Звякнул хрусталь рюмок, хрустнули малосольные огурчики.
— А как поживают твои в Израиле? — спросила Ева
— Нормально. Мать подрабатывает уборками, сестра — клерк в банке, отец занимается ремонтами.
— Это твоя мама и сестра виноваты, не терпелось им. Подождали бы еще немного — и получили бы от нас вызов, тоже уехали бы в Америку. А ты почему тогда с ними не уехал?
— Сам не знаю, — он пожал плечами. — Мне тогда и в Киеве было неплохо.
— И правильно сделал, что не поехал в Израиль, — одобрил дядя Гриша. — Израиль, конечно, наша историческая родина, но лучше всего эту родину любить, живя в Америке.
ххх
В спальне горела настольная лампа. На стене, над кроватью, два толстопузых ангелочка держали красный бант.
Михаил разделся и, выключив лампу, рухнул на кровать. Голова слегка кружилась. Он попытался хоть как-то упорядочить все услышанное и пережитое за день.
Вот — дядя Гриша, брат отца. Маленький, уставший. Отец называл его то «золотой пчелкой», то «эфиопской клячей». Потому что дядя Гриша когда-то пытался стать ювелиром, повадился носить домой перекупленное у воров золото и едва не загремел в тюрьму. Тогда отец Михаила — по праву старшего брата — увел младшего с «золотых приисков» и обучил его малярному делу. Из «золотой пчелки» дядя Гриша превратился в «эфиопскую клячу». Тащил воз, на котором сидели: двухсотпудовая Ева, дочка, зять и внук. Вот и теперь, судя по замученному виду, тащит. И не ропщет. Бьюклинская кляча.
Они — дядя Гриша, отец, Михаил — все из одного корня. И лица у них чем-то похожи, и темно-карие глаза похожи, и голоса. Они — из клана Чужиных, и основатель их клана — дед Самуил. Он погиб в тридцать девятом году в Кемеровской области. Остановка поезда у поселка, за которым находился лагерь, и по сей день называется «517-й километр».

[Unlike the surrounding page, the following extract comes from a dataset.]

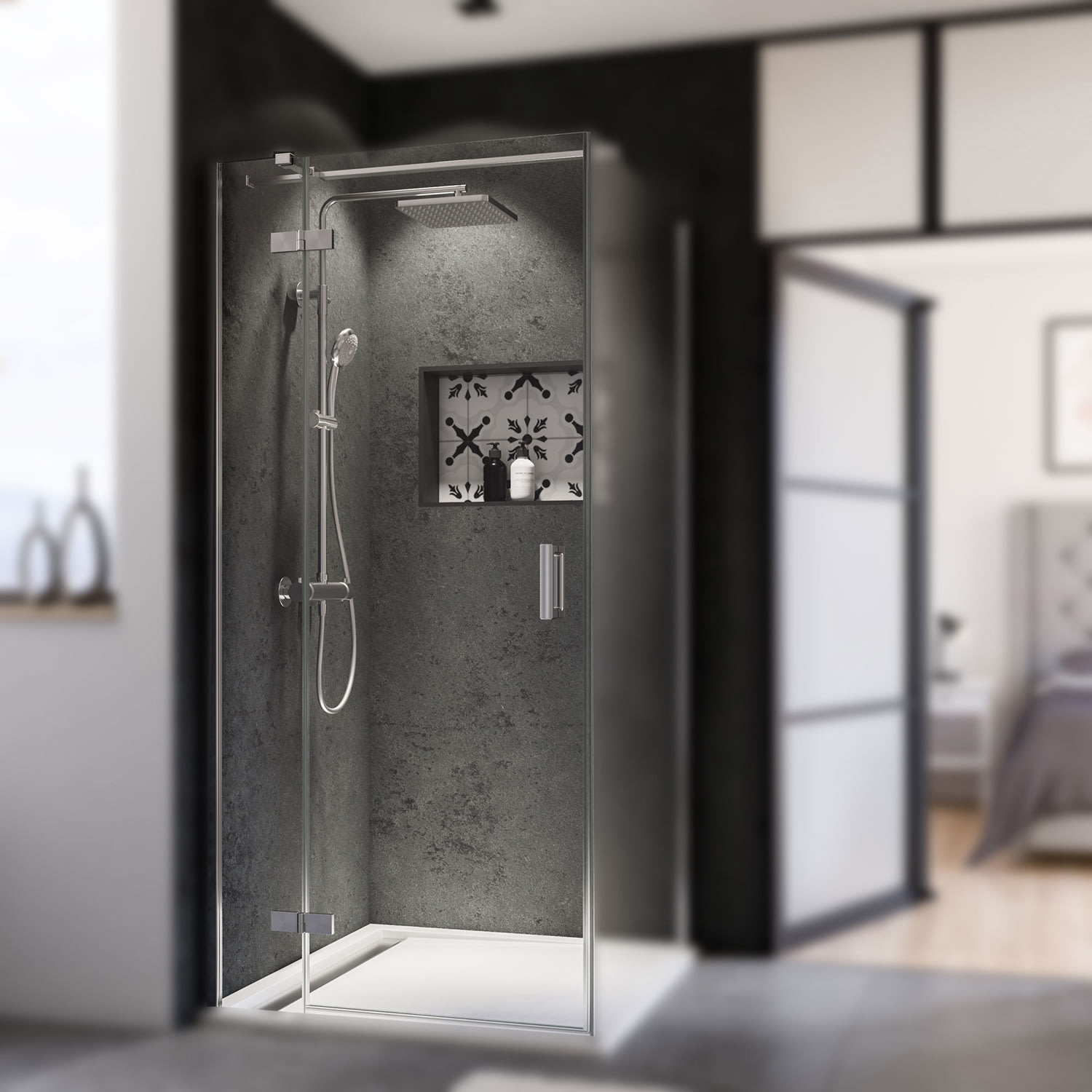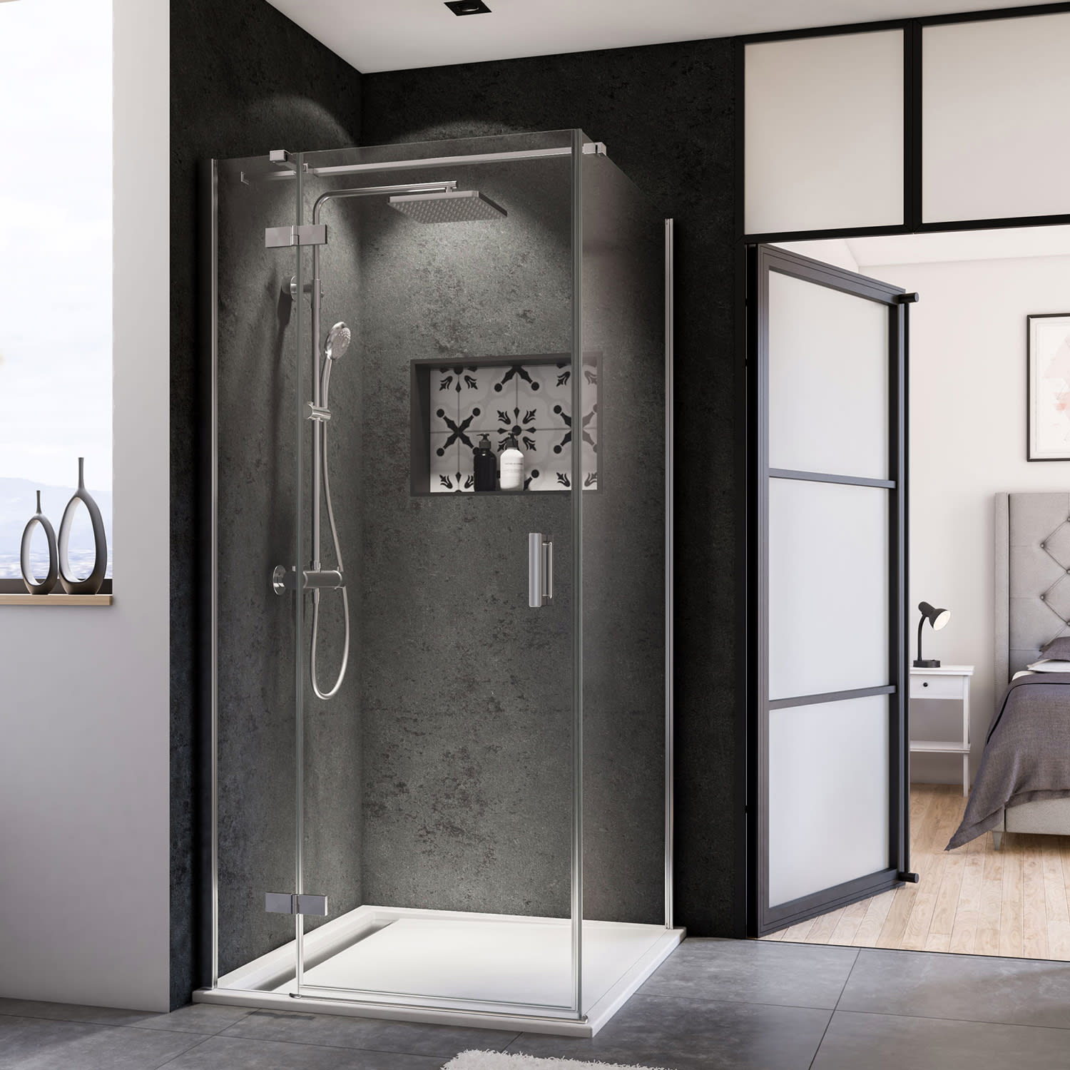 Breuer Panorama Drehtür mit Festteil für Seitenwand 90 cm, Anschlag links

Михаил повернулся на бок, сладко зевнул. Спать будет до третьих петухов… И поплыл куда-то. Нет, не в Киев, а почему-то в Бершадь, в местечко под кудрявыми липами.
Там, у забора, на деревянном ящике сидел старик с белой окладистой бородой, в латанном-перелатанном пиджаке. Важно сопел и, поднимая вверх скрюченный указательный палец, спрашивал у прохожих: «Вы знаете, что в Израиле инфляция?»
Приезжая в Бершадь, Михаил сразу замечал, что у него, коренного киевлянина, вдруг появляется едва заметный акцентик идиш. И он уже не говорит, а как бы поет, и даже картавинка легкая проскальзывает.
В доме дяди Гриши на столах сушилась домашняя лапша, а над нею летали мухи. В шкафу поблескивали корешками «Граф Монте-Кристо» и «Милый друг». Михаил был первым, кто однажды достал эти книжки и от нечего делать перечитал. К большому удивлению, если не к ужасу хозяев дома. Ева даже сбегала за соседкой и, подведя ее к приоткрытой двери, прошептала: «Видишь, он чита-ает…»
По вечерам, после всебершадского променада по главной улице, где в центре стоял памятник Ленину, а по сторонам — спиртзавод и валютный магазин, семья собиралась во дворе, в беседке. Судачили о разном, спорили о политике. Дядя Гриша костерил власть и ратовал за мелкий частный бизнес. Говорил, что уедет, как только «поднимут железный занавес». Пили спирт. Под хмельком дядя Гриша мог запеть какую-нибудь веселую песню на идиш или заунывную русскую. Отец подхватывал. Потом они вспоминали Дальний Восток, Биробиджан, где провели детство.
Порою за забором проезжала телега. Странная скрипучая телега. Когда-то, лет сто назад, шолом-алейхемовская голытьба грузила на такую же телегу свой скарб и отправлялась за лучшей долей в Америку…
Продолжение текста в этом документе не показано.